This is a different perspective on this issue that I had considered before. Thank you for it.

My own approach to the internet/hard copy citation has always tried to address the question of how will the majority of readers find it easiest to check my sources, no matter what happens to the internet in 100 years. My solution has been to cite actual hard copy books that are also available on-line, so I figure I'm covered either way. (And, of course, to cite library materials if those same materials haven't been scanned into the internet.)

But that does beg the question you note here: what happens if I want to cite something that is only available on-line? This has just happened to me for the first time, and, ironically, it's a piece from this blog. If some of those articles Randall posted from Robert Darnton's views of internet publishing are correct, it would be a good thing for academic publishing to rest much more heavily on the web. When that happens, we'll have the problem of link-rot in spades.
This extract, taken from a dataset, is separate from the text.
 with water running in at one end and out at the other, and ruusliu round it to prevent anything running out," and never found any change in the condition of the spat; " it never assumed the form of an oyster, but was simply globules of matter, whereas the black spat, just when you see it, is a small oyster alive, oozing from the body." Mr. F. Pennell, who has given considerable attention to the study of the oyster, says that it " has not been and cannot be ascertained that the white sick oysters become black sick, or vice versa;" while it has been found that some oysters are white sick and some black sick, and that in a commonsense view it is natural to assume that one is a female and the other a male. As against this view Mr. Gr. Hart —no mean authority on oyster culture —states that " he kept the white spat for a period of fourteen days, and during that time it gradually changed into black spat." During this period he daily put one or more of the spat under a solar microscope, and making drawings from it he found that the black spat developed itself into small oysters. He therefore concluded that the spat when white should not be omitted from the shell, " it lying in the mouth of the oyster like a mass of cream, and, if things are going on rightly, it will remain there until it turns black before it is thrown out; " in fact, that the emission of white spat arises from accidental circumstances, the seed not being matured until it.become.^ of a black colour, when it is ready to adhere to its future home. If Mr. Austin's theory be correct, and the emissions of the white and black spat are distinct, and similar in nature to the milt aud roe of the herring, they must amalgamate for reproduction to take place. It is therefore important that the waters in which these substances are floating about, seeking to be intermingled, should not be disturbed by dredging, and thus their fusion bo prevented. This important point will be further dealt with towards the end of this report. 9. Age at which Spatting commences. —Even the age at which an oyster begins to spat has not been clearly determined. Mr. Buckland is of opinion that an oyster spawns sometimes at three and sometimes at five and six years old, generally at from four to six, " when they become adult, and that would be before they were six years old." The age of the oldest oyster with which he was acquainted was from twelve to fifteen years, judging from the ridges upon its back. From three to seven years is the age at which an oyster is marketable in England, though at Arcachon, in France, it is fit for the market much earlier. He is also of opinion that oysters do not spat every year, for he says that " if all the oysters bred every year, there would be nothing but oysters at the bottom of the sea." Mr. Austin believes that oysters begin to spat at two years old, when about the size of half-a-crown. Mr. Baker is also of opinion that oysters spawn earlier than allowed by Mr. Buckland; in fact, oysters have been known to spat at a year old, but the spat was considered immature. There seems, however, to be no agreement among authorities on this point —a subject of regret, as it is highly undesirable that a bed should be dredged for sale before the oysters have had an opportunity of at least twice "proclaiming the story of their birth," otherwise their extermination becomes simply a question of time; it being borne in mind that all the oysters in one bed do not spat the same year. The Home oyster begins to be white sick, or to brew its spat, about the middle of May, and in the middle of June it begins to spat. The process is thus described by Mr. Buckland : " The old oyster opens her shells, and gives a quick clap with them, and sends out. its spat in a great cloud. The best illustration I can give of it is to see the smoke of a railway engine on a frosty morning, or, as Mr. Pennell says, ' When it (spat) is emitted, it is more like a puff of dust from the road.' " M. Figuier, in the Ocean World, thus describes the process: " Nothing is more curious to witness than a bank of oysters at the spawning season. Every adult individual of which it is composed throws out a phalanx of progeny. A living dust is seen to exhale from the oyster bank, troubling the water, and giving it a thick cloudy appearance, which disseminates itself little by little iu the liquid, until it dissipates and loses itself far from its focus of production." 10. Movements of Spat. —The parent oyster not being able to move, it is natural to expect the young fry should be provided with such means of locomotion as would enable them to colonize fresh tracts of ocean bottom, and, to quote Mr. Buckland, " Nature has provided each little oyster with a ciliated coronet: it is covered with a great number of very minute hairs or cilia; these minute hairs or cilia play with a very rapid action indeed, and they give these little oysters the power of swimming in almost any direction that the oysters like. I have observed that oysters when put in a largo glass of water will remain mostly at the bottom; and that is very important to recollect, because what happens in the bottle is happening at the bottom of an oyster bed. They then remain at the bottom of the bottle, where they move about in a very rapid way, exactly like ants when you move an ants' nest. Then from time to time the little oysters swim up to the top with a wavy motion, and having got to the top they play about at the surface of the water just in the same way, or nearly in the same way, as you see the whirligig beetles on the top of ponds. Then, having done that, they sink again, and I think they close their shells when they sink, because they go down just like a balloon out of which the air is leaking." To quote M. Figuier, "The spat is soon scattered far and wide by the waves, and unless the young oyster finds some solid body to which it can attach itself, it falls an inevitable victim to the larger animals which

Thanks for this. It's got me thinking (and worried!).

Chris Beneke said...

Nicely done, Bland. This is a long overdue discussion. My approach has been much like Heather's, but I'm taken by your argument that updated scholarly editions offer a great deal more than their predecessors. And your point that the "internet has untethered the connection between the free consumption of information and its labor-intensive production" is spot on.

Randall said...

An author is more likely to face link rot (I never heard that word, but will now be using it constantly) if he/she is writing on a contemporary topic. I've worried about this some on the co-authored book that's coming out in Sept. We have quite a few on-line source: Christian products, music pages, end-times websites . . .

I do wonder if tools like the Way Back Machine can help this.

Lisa Clark Diller said...

Thank you so much for reminding us about the ephemeral nature of so many online links. I have found this when I've included links to university sites which have primary documents in my syllabi. We can't forget what it is that citation is supposed to do--and if people can't follow the links, that's a real problem.


dan allosso said...

This is a very useful post, and I'm always happy to see someone taking a strong position on an issue. So, let me do likewise:

I sense a whole lot of authority in the arguments on the list-serves, and I think I see some of it echoed here. I feel that underneath this issue, there's a raging sea of concern about standards of the profession, and what might be called the great chain of scholarly authority. And I DO think the web is messing with that, but in a good way.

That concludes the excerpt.